Diagnosing Problems: Limit, Threshold, and Quota

If you experience sudden, drastic changes in the behavior of a piece of software, you should immediately suspect reaching some limit, threshold, or quota.

I spend a great deal of my time supporting and troubleshooting software deployments. Generally, if a piece of software has been running without issue for a substantial length of time, any drastic behavior change that’s not related to a service interruption is due to reaching a threshold or limit. These thresholds could be very simple (no more disk space), or more subtle (an API starting to rate-limit requests). Below, I’ll mention a few of the different limits I’ve run across, and some common patterns of observed behavior.

No Free Disk Space

Running out of free disk space will almost inevitably cause any application to grind to a halt. Whether it’s too many uploads, the latest round of kernel updates, or simply log files–a full disk will cause problems.

In such a situation, applications generally start returning errors and refusing to function. The root cause tends to be that the application cannot write temporary files to serve the request, or it cannot log details about the request (even the detail that a file couldn’t be written due to the lack of free disk space).

Error messages from running out of free disk space are obvious, generally following the form No space left on device. However, these errors are not always accessible unless logs are sent to a remote service, or you have a terminal on the affected server.

Out of Available Memory

Running out of free memory tends to cause odd behavior and specific patterns of failure, rather than the outright lock-up you get from a lack of free disk space.

In most cases, running out of memory causes applications to time out on certain requests or activities, returning an empty or malformed response. This ordinarily occurs as the process handling the request or activity (or a dependent process) is terminated by the operating system for consuming too much memory (out-of-memory killer). Most applications have multiple components or threads. Having one of these killed by the OOM killer tends to result in odd behavior for affected components (or threads for given requests), while other aspects of the application may seem to continue unaffected.

On Linux, the system log will show very strong evidence if the OOM killer has been at work–messages regarding the process(es) selected for termination and freeing of memory will clearly indicate that the system has run out of available memory. If they’re directly accessing an affected server, foreground processes or jobs are often terminated, with just the parting message Killed.

Quota Reached

Exceeding a quota for services or API requests tends to result in cyclical patterns of failure which occur at certain times of day, or after a certain number of days in a month.
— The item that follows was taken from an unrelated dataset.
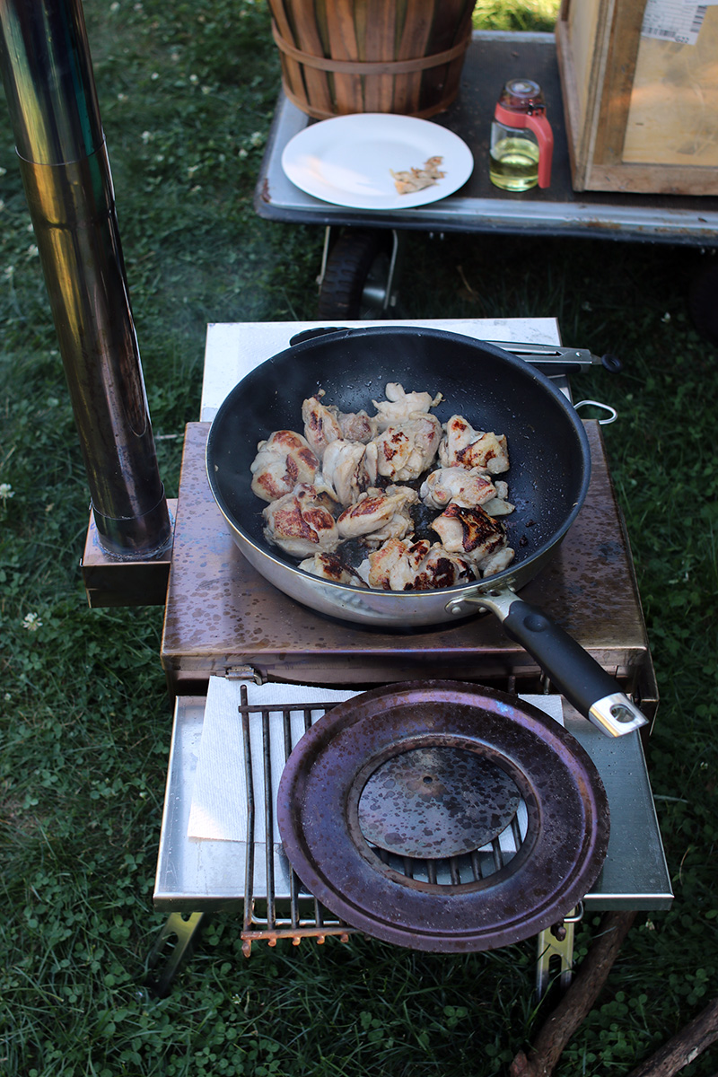 even though it was super hot today, my father set up his stainless steel tent stove in the backyard. he moved it away from the neighbor's this time, but almost underneath the maple tree, where the hot smoke might singe the leaves. nevertheless, it still got really smokey whenever he fed the stove with new wood, especially freshly cut wood that hasn't dried completely yet, as well as unwanted bamboo segments, and i'm sure the wood smoke managed to get into some neighbors' houses.

When the quota is exceeded, the application or application components begin to return errors or become nonfunctional. When the quota is reset, everything begins to function normally again. If the quota is exceeded on a particular day or month, then the issue does not manifest itself.

This can be a particularly troublesome issue to track down if the application itself does not receive feedback that it has exceeded its quota, or if it does not properly report information about exceeding its quota. In such cases, inexplicable application outages or failures start and continue irregularly until the quota in question is consistently exceeded, and then the outages or failure become consistently periodic.
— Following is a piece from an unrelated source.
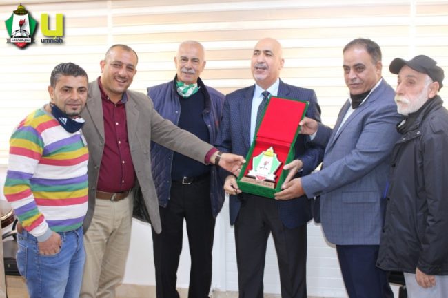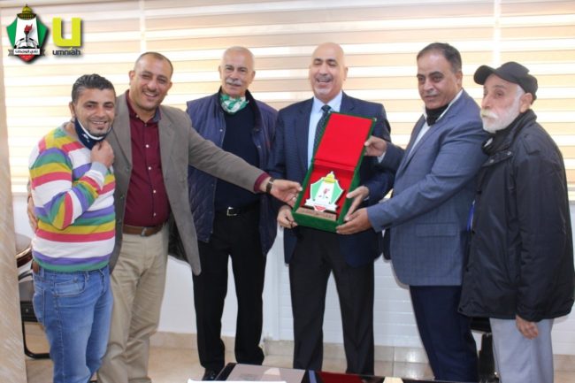 وفي ختام الزيارة قدم الكوز وشلباية درع النادي إلى زريقات الذي أثنى على هذا التكريم.

Having requests or services rate-limited is similar to exceeding a quota. However, rather than having all requests uniformly rejected or denied until some reset, only some are limited. For example, the rate-limit may only affect requests after the first 1,000 such operations in a given second.

For requests or operations which are rate-limited, the application may behave slowly or strangely: timeouts, empty responses, generic errors, etc. When the rate-limit is no longer in effect (perhaps application load or traffic has decreased), the issue evaporates.

Similar to exceeding quotas, it is critical that a service or API provide feedback that rate-limiting is in effect (for example, making use of an ‘HTTP 429 Too Many Requests’ response, with a ‘Retry-After’ header). Further, the application must properly report information about such responses from dependent services or APIs.


Troubleshooting software and software deployments seems to be an odd mix of science, art, and luck. You have to have an understanding of the software, how it operates, and what affects it. You also need to recognize patterns of behavior and intuit the cause of behavior that you observe. And sometimes, you just get lucky and stumble upon unexpected clues or evidence. The general limits and thresholds that I outlined above help me to initially assess the best avenue of investigation as I dig into solving issues with applications and services.